絶交。

 

誰しも、人やコミュニティと完全に決別せねばならなくなるときがある。その相手は恋人かもしれないし、肉親や友達かもしれない。学校や会社、宗教などの環境が問題になることもあるだろう。関係を持ち続けているとどうしてもお互いのためにならない。そんなときは、思いきって絶交するしかない。

 

絶交は、けして生半可なものであってはならない。文字通り「交わりを絶つ」のだから、嫌われたらどうしようなどという態度を見せてはいけない。

 

かつて、宮沢りえと貴乃花は交際して婚約までしていたのだが、婚約会見からわずか2ヶ月で婚約破棄した。それを明らかにした記者会見で、理由を問われた貴乃花はこう述べたという。

 

「愛情がなくなりました」

 

思わず言葉に詰まってしまう。
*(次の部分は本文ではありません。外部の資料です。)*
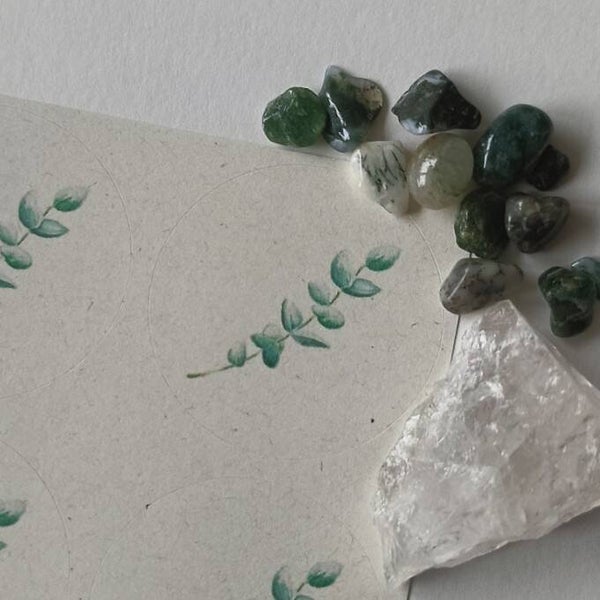 Deze (sluit)stickers met een illustratie van een eucalyptustakje zijn superleuk op of in je journal, op een cadeautje of natuurlijk om je envelop mooi mee te sluiten.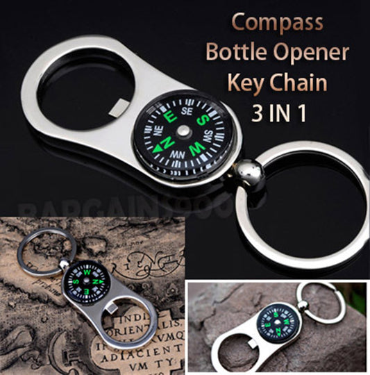 Compact 3-in-1 Compass Bottle Opener Keychain for Easy Navigation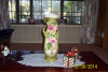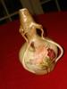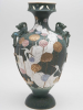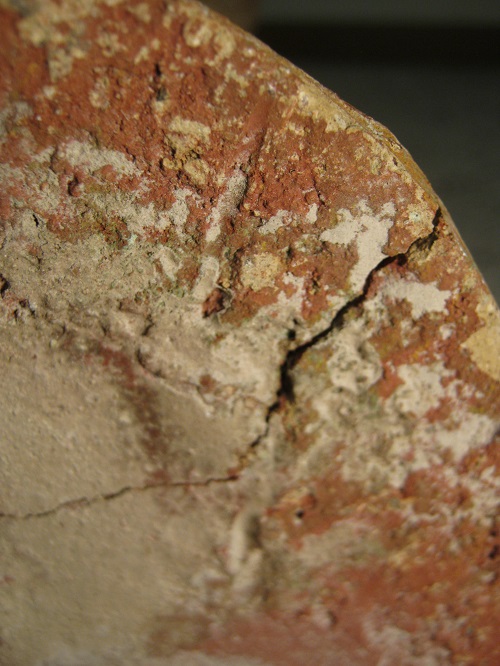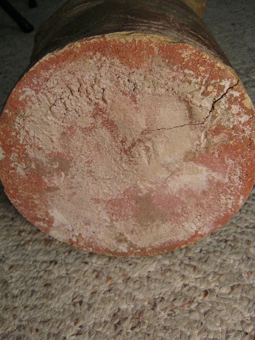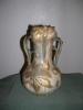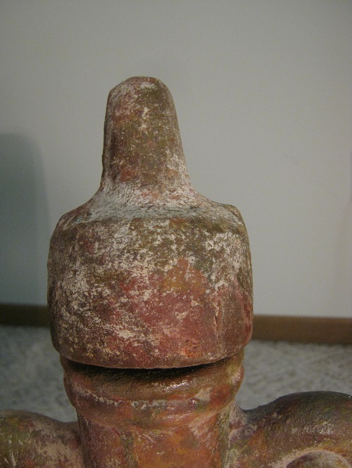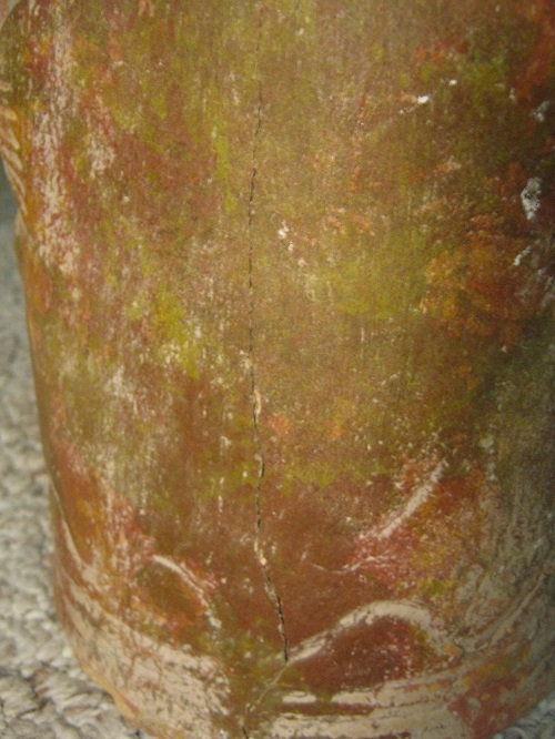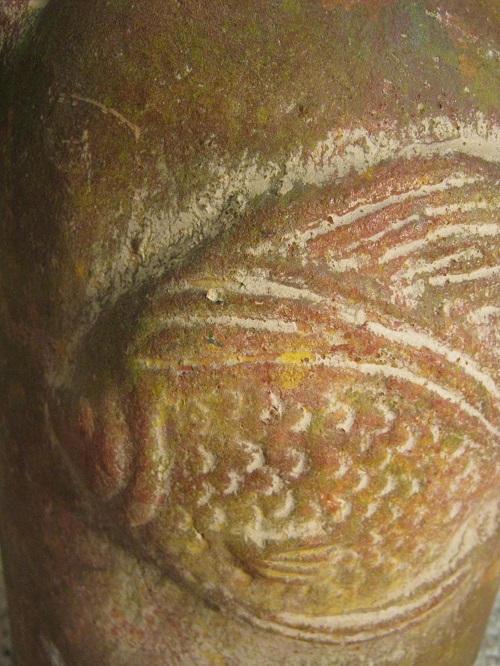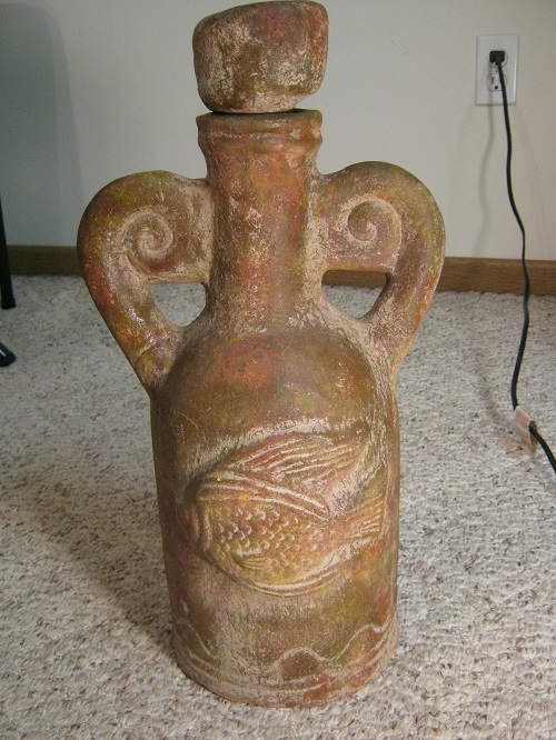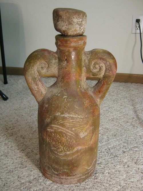 Amphora relief vase with plug. No markings on it that I can see. All of the spirals that connect to the neck are different sizes. There are two fish total, one on each side. They are different sizes. The inside is a grey color. Looks like the colors used were red, green, and yellow. The bottom of the vase looks like red and grey sandy material. Large crack in the side. Plug is an irregular shape. Some areas look glazed around the handles and the rim however the rest of the item is rather rough. Minor nicks and chips throughout. Approximate weight is somewhere between 8 and 15 pounds. 16" height and 7" width at base. Any help would be greatly appreciated.
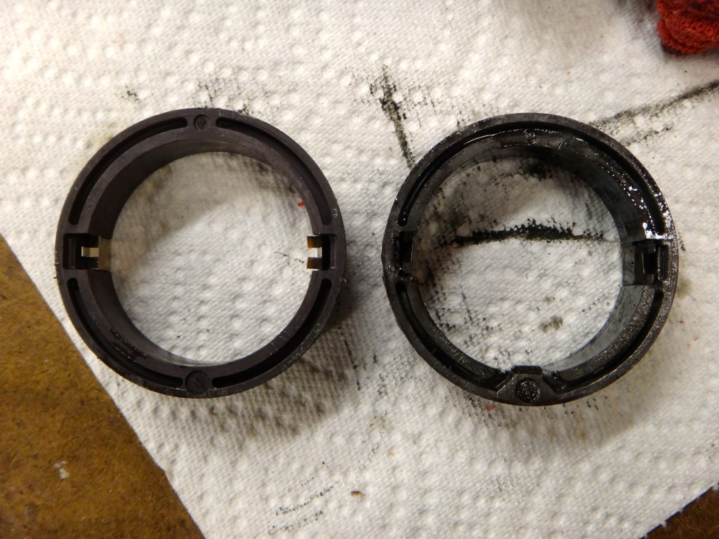 Old compared to the new. Notice the lack of a "locating tab" on the new ring. It ended up locking into place with the side clips anyways.

離婚記者会見における常套句は「些細なすれ違いが積み重なり」「別れた方がお互いにとって幸せ」といったものだ。ここには復縁をそそのかすスキがある。「でもね、そうはいっても……」とおばさんが口を挟む余地が残っている。

 

しかし、愛情がなくなったと言われたら、外野はただ頷くしかない。だって、すでに二人の関係は終わっているのだから。実際の心情や裏事情はともかく、この言葉は「絶交」の作法としては格段に優秀なのだ。

 

さて。
2018年、外国人演歌歌手の「ジェロ」が無期限活動休止を表明した。その休止理由は、このようなものだった。

 

「コンピューターの仕事に就くので」

 

この言葉には、貴乃花の会見に匹敵するインパクトがあると思う。あなたは、「コンピューターの仕事に就くので」と言う演歌歌手を「やめないで」と引き止められるか?

 

私はできない。

 

「愛情がなくなりました」と同じく、その言葉が出てきた時点で全ては終わっていると感じられるからだ。スポーツ漫画で考えてみよう。

 

「安西先生、コンピューターの仕事に就きます……」

 

終わりである。もう彼は二度とバスケをしないであろう。「コンピューター」と「仕事」が組み合わさることで、夢や理想というものの醸す甘いムードが完全に消臭されるのだと思う。

 

ジェロは長らく演歌界に身を浸していたからこそ、最後に演歌の詩情と対極にある「コンピューターの仕事」という言葉を掘り当てられたのかもしれない。だとすれば皮肉なものだ。

 

最後に、身近な絶交の例を思い出したので書いておきたい。

 

高校の頃に所属していた演劇部で、ひとつ上の先輩男子がとつぜん退部した。所構わずカードゲームを始めるなど決して好かれてはいなかったが、部は騒然となった。後日、その理由が明らかになる。

 

「クラスメイトのPSPを窃盗したが、盗んだ相手の前でうっかり遊んでしまってバレて退学になった」

 

うーん、
言うことなし!! 100点!!!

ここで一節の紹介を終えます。